→ **Task goal**
Print nothing but the lines from the start of the listing below through the line that contains "Bedroom sleeps two, with". Do not include the pictures.

→ **The data**
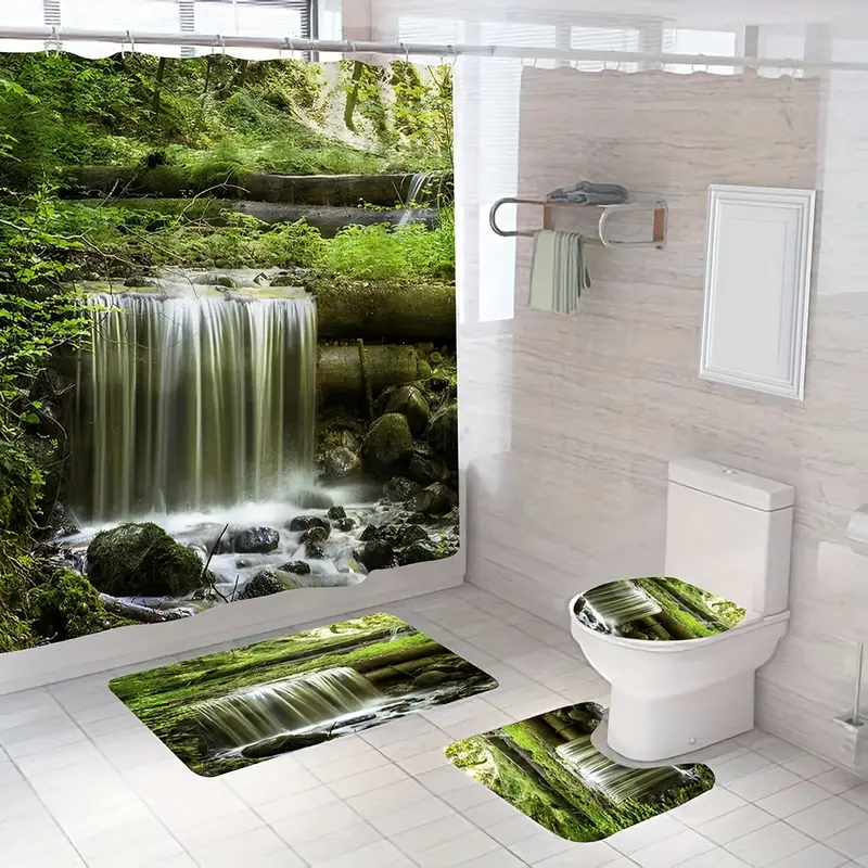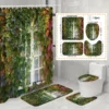 Nature Print Shower Curtain Set Bathroom Rug U shape Mat
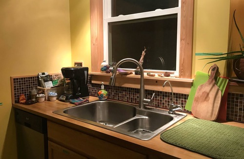 Bedroom sleeps two, with a plush queen size bed! Futon in living room for two additional guests and additional lounging opportunities. Full bath, stove, fridge, ample kitchen wares and appliances, condiments and breakfast fixings, at a minimum, are included (usually eggs, bread, butter, coffee, creamer, teas). Parking for one car (turn around much trickier with two cars and inadvisable). Road and narrow drive passable for car/passenger truck/SUV, but NOT for larger vehicles or trailers (very limited turn around).
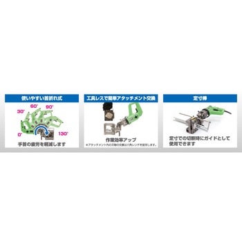 電源が取れない現場でもすぐに作業したい方にオススメです。負荷時でも360°回転します。圧倒的な切断回数(1充電あたりの切断回数:D1鉄/540カット、D2ステンレス/550カット)チップソーなどと違い火花と切粉が出ないです。端材が置台として使えます。使いやすい首折れ式のため手首の疲労を軽減します。工具レスで簡単アタッチメント交換定寸での切断時にガイドとして使用できます。

→ **Response below**
 Nature Print Shower Curtain Set Bathroom Rug U shape Mat
 Bedroom sleeps two, with a plush queen size bed! Futon in living room for two additional guests and additional lounging opportunities. Full bath, stove, fridge, ample kitchen wares and appliances, condiments and breakfast fixings, at a minimum, are included (usually eggs, bread, butter, coffee, creamer, teas). Parking for one car (turn around much trickier with two cars and inadvisable). Road and narrow drive passable for car/passenger truck/SUV, but NOT for larger vehicles or trailers (very limited turn around).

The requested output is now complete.